I haven't checked snopes and I don't know the specifics. 
Certain grains and beans need to be cooked to be safe, is my feeling, though I don't know for certain.
Here is just one site and don't believe everything you read.
Living and Raw Foods Community Support :: Recipes and Food Preparation :: raw beans?
I like the idea of a good substitute for ground beef with beans, I still think it may need more research.
I'll be listening and trying to learn from here. Thanks, ~Bliss


----------



## seans_potato_business (Aug 20, 2008)

Thanks for raising that concern, Bliss. I have contacted the UK government Food Standards Agency on the subject.

Edit: From the nice people at the FSA!:



			
				FSA said:
			
		

> _Aduki beans may contain small amounts of lectins, but these levels would
> not be expected to cause the effect associated with kidney beans. A study
> looking at the haemagglutination properties of a variety of commonly
> consumed beans found that Aduki beans did not cause agglutination and were
> ...




*Separate issue

*The original recipe says to mix the egg with the bread crumbs and the to mix that with the rest, but I don't think that's smart at all since the breadcrumbs absorb the egg which is then difficult to distribute through the mixture. I am trying to optimise the protocol along the following lines:

Add 150 grams drained, pre-soaked adzuki beans, one roughly chopped onion, 200 grams of strained tomato, 60 ml soy sauce, seasoning (e.g. salt/MSG, pepper, paprika) and one egg to blender and blend to a course or smooth consistency according to taste. Empty blender into a bowl and stir in enough breadcrumbs that the mixture is somewhat dry/semisolid. Form into patties and fry on both sides in a little oil.

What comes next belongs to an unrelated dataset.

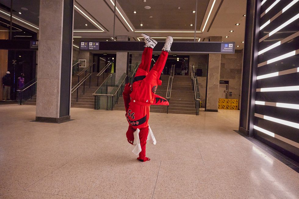 At Union Station, with renowned DJ and Raptors fan Devo as his handler and hype man, the Raptor offered his body for sniffs to anyone willing to lean in and get a whiff. Time after time, it was confirmed — the Raptor still smelled fresh.

Since for certain recipes, care is taken not to over-beat the egg, I wonder if it is appropriate to blend it with the other ingredients in this recipe?


----------



## blissful (Sep 3, 2008)

Great news Sean! 
I'll give these a try and report back. I'm out of adzuki beans right now but I'm going to first try lentils and then the improvement with adzuki beans. Thanks for checking! ~Bliss


----------



## seans_potato_business (Sep 4, 2008)

Hey blissful, if you choose not to cook the beans first (I still haven't checked whether or not it makes a difference) then be sure to soak for an extended period in the fridge (I soaked mine for between two and five days - they wind up pretty soft by then).

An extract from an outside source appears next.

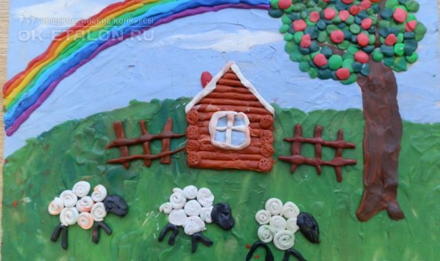 "Моя дача". Работа выполнена в технике пластилинографии. Работа была выполнена в течении недели.

I've not tried it with lentils (although I have tried other burger recipes involving lentils). If they turn out good, let me know what you did, 'cause I've got a bag of lentils and they're pretty cheap. Thanks


----------



## seans_potato_business (Oct 2, 2008)

I tried with lentils myself (couldn't wait for you to report back) and found them to be a bit different (preferred adzuki beans). They seemed moister/less cohesive and less similar to real burgers using lentils. Next I will try mung beans, and then... the World!! (or quinoa).


----------



## blissful (Oct 2, 2008)

I did try lentils, they just taste good, the texture isn't so nice.
I'll get potatoes and adzuki beans on my next store run......haven't forgotten!


----------